-- SUPPLIED RECORDS follows --
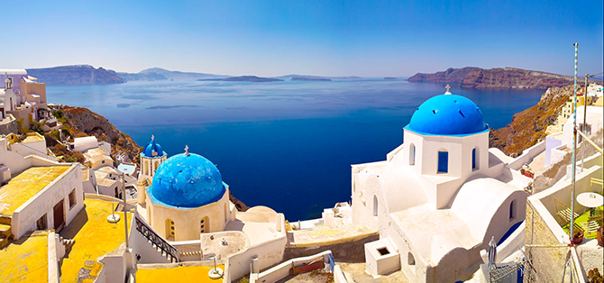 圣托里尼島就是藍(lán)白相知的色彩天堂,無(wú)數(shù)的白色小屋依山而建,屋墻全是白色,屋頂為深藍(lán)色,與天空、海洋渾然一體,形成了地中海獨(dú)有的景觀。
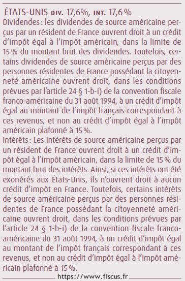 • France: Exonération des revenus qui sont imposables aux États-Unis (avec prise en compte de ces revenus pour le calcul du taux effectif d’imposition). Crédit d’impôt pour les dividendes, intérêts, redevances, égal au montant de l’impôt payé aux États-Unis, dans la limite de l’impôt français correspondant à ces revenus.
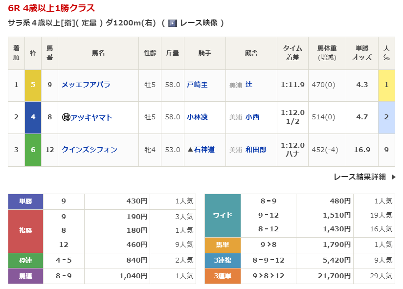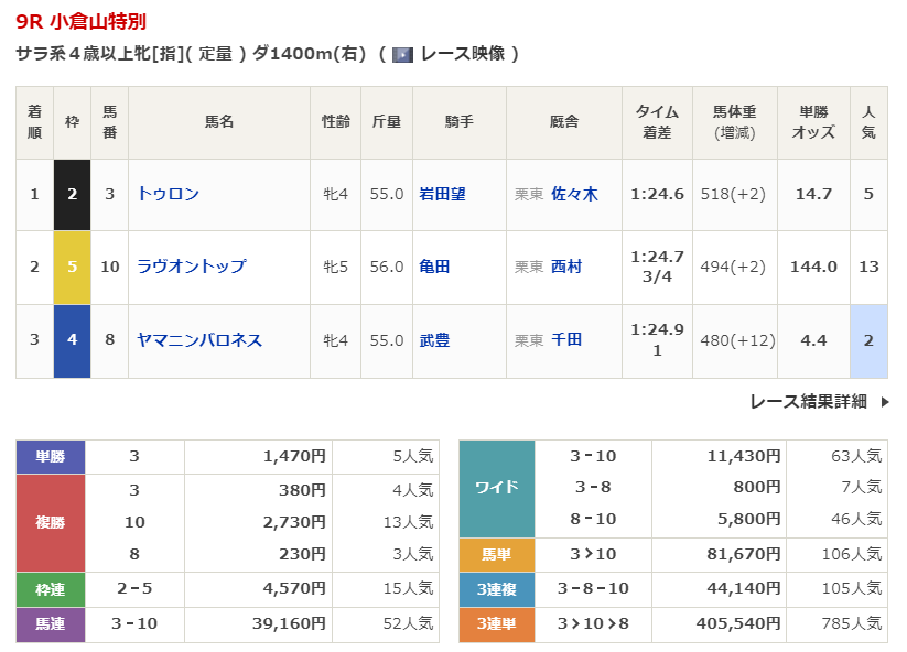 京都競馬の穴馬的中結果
-- SUPPLIED RECORDS concluded --
-- SUPPLIED RECORDS follows --
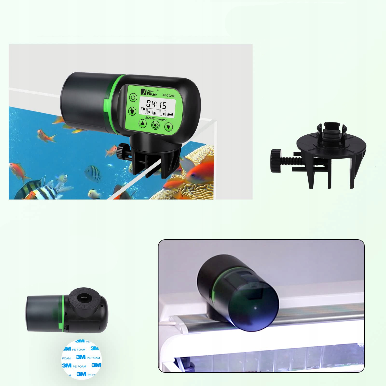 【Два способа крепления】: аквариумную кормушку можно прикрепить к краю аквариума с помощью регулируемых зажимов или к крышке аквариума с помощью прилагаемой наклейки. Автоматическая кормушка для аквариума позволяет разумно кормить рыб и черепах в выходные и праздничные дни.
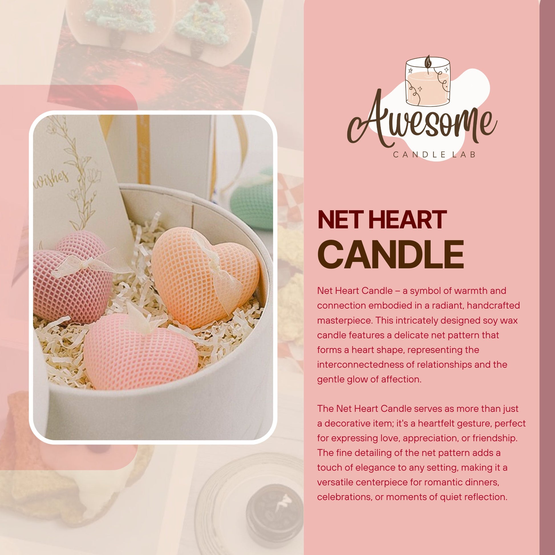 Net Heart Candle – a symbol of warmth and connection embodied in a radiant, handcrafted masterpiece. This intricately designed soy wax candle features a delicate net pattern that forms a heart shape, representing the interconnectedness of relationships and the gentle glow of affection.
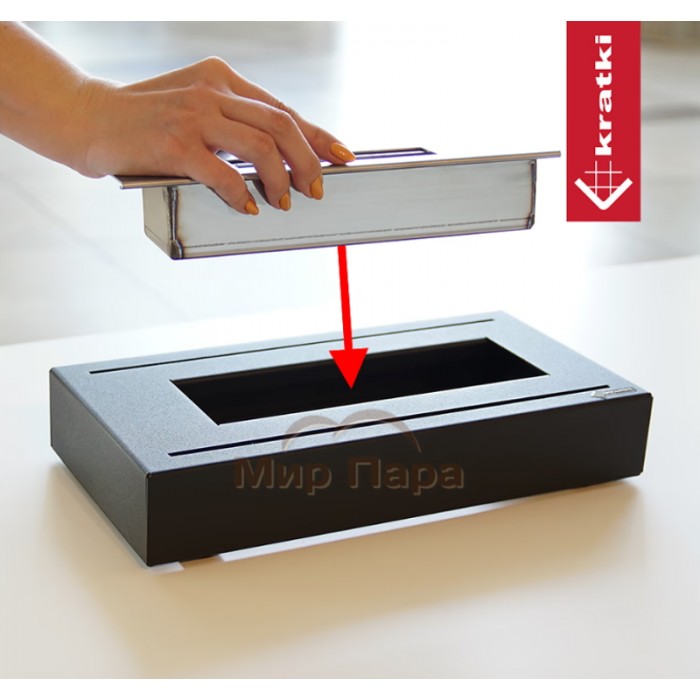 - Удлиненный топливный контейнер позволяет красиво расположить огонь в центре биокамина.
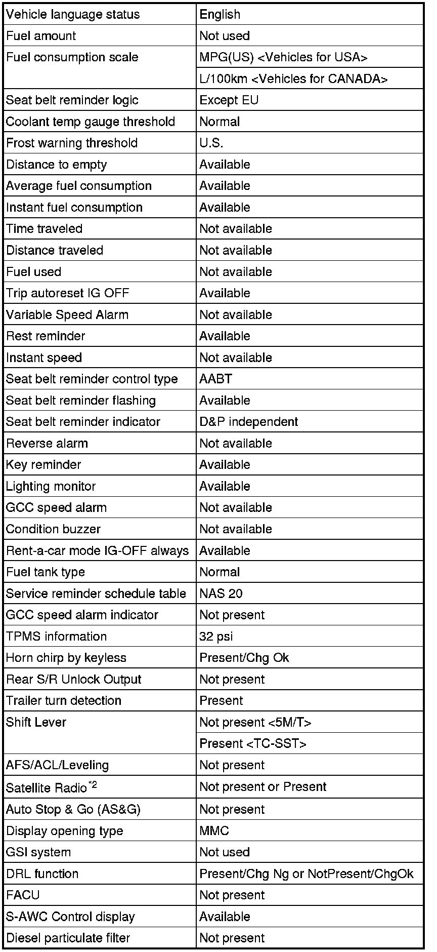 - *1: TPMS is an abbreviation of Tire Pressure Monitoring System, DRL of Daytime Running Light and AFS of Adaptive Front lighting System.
-- SUPPLIED RECORDS concluded --
WHAT YOU ARE ASKED TO DO:
Looking above, find the stretch of lines that opens with the one holding "圣托里尼島就是藍(lán)白" and closes with the one holding "京都競馬の穴馬的中結果". Copy it exactly, pictures excluded.

SOLUTION FOR THIS EXERCISE:
 圣托里尼島就是藍(lán)白相知的色彩天堂,無(wú)數(shù)的白色小屋依山而建,屋墻全是白色,屋頂為深藍(lán)色,與天空、海洋渾然一體,形成了地中海獨(dú)有的景觀。
 • France: Exonération des revenus qui sont imposables aux États-Unis (avec prise en compte de ces revenus pour le calcul du taux effectif d’imposition). Crédit d’impôt pour les dividendes, intérêts, redevances, égal au montant de l’impôt payé aux États-Unis, dans la limite de l’impôt français correspondant à ces revenus.
 京都競馬の穴馬的中結果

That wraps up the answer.